◆ RECORDS FOR THIS EXERCISE:
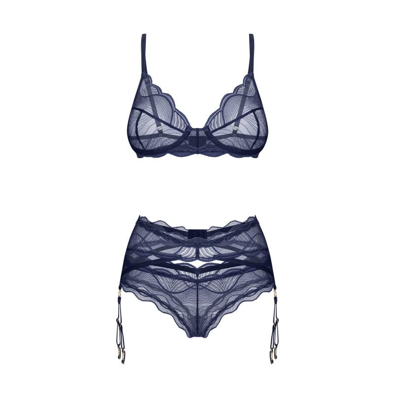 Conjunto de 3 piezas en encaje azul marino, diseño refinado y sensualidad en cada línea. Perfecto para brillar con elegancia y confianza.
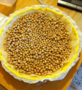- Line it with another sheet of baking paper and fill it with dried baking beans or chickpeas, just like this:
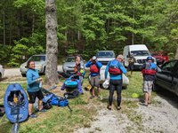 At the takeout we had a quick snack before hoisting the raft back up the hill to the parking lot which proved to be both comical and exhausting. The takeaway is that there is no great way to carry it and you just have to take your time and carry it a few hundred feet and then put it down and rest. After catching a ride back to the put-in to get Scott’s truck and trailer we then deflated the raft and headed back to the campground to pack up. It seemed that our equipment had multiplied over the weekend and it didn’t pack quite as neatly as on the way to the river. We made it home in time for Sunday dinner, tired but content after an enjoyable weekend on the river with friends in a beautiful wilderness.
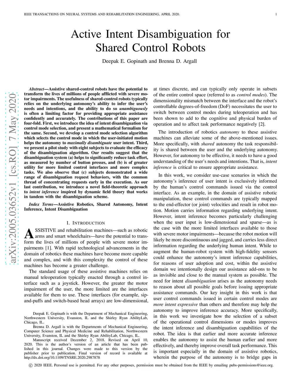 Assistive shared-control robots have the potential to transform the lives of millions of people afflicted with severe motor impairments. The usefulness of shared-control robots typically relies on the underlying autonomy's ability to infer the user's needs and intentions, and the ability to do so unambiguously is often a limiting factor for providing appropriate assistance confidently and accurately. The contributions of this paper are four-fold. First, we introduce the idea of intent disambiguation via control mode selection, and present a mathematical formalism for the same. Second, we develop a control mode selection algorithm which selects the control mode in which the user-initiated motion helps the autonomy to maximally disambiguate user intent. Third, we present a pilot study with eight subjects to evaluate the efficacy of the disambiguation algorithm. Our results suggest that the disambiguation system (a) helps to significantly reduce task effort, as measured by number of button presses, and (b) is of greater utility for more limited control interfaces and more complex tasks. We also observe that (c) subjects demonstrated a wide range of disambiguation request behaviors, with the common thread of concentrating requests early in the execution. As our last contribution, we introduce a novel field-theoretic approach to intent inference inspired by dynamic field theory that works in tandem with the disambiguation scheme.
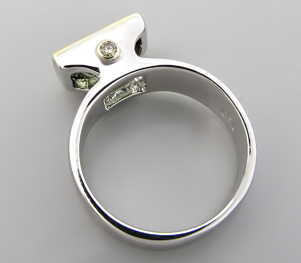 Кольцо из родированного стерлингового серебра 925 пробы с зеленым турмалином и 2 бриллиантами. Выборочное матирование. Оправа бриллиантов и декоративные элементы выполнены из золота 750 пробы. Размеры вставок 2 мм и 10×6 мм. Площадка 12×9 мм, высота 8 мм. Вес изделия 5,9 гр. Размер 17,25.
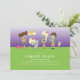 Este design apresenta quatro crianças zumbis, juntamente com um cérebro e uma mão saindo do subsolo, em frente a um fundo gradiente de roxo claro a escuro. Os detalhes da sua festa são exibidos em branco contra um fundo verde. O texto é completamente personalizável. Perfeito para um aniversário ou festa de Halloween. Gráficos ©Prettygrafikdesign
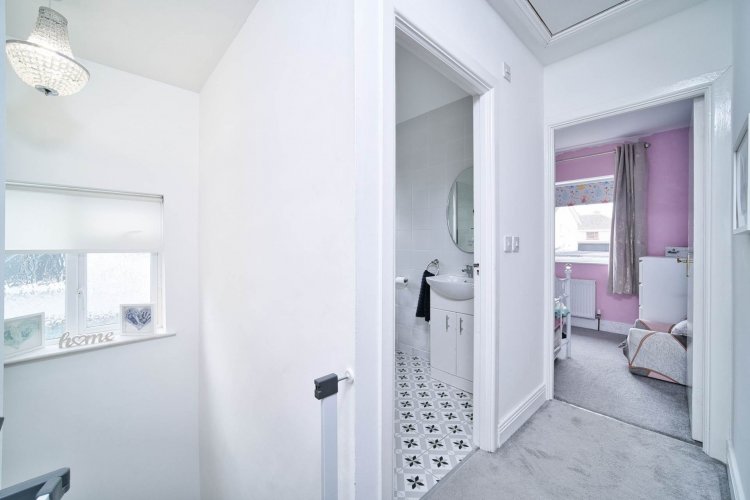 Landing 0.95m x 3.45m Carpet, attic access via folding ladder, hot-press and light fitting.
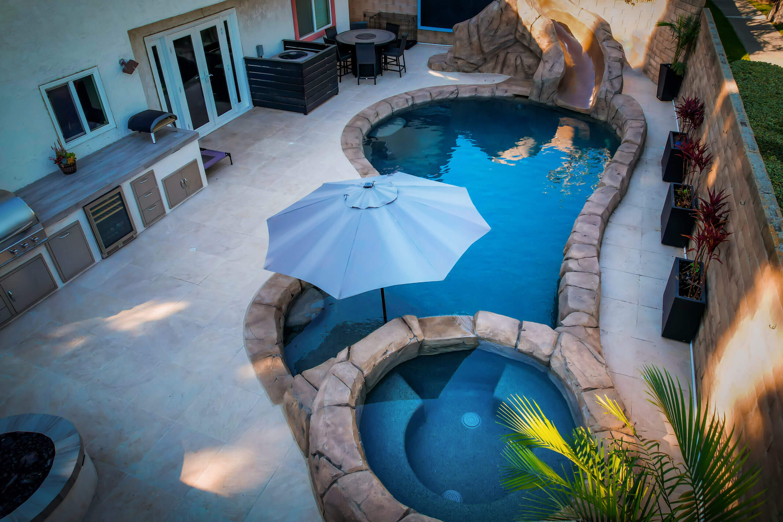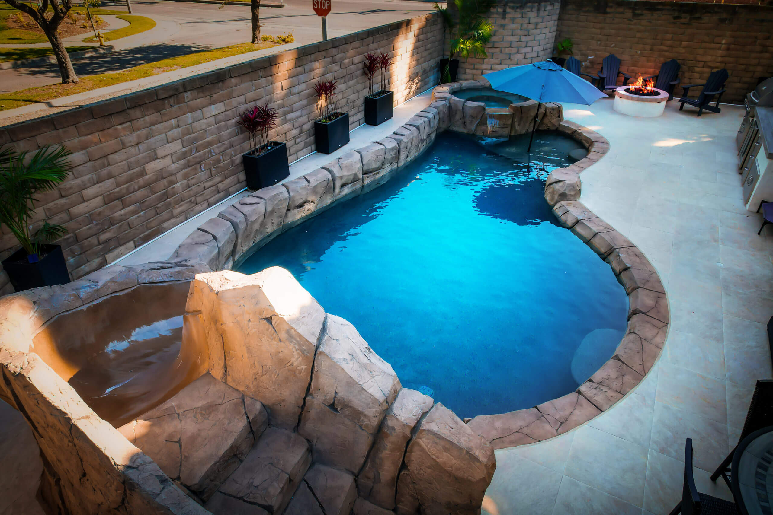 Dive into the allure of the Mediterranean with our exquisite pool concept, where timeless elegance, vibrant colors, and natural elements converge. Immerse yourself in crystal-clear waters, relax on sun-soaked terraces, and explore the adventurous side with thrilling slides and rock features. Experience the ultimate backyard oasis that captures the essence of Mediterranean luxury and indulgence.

◆ WORK TASK:
Transcribe the lines above exactly, setting aside any picture among them.

◆ RESULT OF THIS EXERCISE:
 Conjunto de 3 piezas en encaje azul marino, diseño refinado y sensualidad en cada línea. Perfecto para brillar con elegancia y confianza.
- Line it with another sheet of baking paper and fill it with dried baking beans or chickpeas, just like this:
 At the takeout we had a quick snack before hoisting the raft back up the hill to the parking lot which proved to be both comical and exhausting. The takeaway is that there is no great way to carry it and you just have to take your time and carry it a few hundred feet and then put it down and rest. After catching a ride back to the put-in to get Scott’s truck and trailer we then deflated the raft and headed back to the campground to pack up. It seemed that our equipment had multiplied over the weekend and it didn’t pack quite as neatly as on the way to the river. We made it home in time for Sunday dinner, tired but content after an enjoyable weekend on the river with friends in a beautiful wilderness.
 Assistive shared-control robots have the potential to transform the lives of millions of people afflicted with severe motor impairments. The usefulness of shared-control robots typically relies on the underlying autonomy's ability to infer the user's needs and intentions, and the ability to do so unambiguously is often a limiting factor for providing appropriate assistance confidently and accurately. The contributions of this paper are four-fold. First, we introduce the idea of intent disambiguation via control mode selection, and present a mathematical formalism for the same. Second, we develop a control mode selection algorithm which selects the control mode in which the user-initiated motion helps the autonomy to maximally disambiguate user intent. Third, we present a pilot study with eight subjects to evaluate the efficacy of the disambiguation algorithm. Our results suggest that the disambiguation system (a) helps to significantly reduce task effort, as measured by number of button presses, and (b) is of greater utility for more limited control interfaces and more complex tasks. We also observe that (c) subjects demonstrated a wide range of disambiguation request behaviors, with the common thread of concentrating requests early in the execution. As our last contribution, we introduce a novel field-theoretic approach to intent inference inspired by dynamic field theory that works in tandem with the disambiguation scheme.
 Кольцо из родированного стерлингового серебра 925 пробы с зеленым турмалином и 2 бриллиантами. Выборочное матирование. Оправа бриллиантов и декоративные элементы выполнены из золота 750 пробы. Размеры вставок 2 мм и 10×6 мм. Площадка 12×9 мм, высота 8 мм. Вес изделия 5,9 гр. Размер 17,25.
 Este design apresenta quatro crianças zumbis, juntamente com um cérebro e uma mão saindo do subsolo, em frente a um fundo gradiente de roxo claro a escuro. Os detalhes da sua festa são exibidos em branco contra um fundo verde. O texto é completamente personalizável. Perfeito para um aniversário ou festa de Halloween. Gráficos ©Prettygrafikdesign
 Landing 0.95m x 3.45m Carpet, attic access via folding ladder, hot-press and light fitting.
 Dive into the allure of the Mediterranean with our exquisite pool concept, where timeless elegance, vibrant colors, and natural elements converge. Immerse yourself in crystal-clear waters, relax on sun-soaked terraces, and explore the adventurous side with thrilling slides and rock features. Experience the ultimate backyard oasis that captures the essence of Mediterranean luxury and indulgence.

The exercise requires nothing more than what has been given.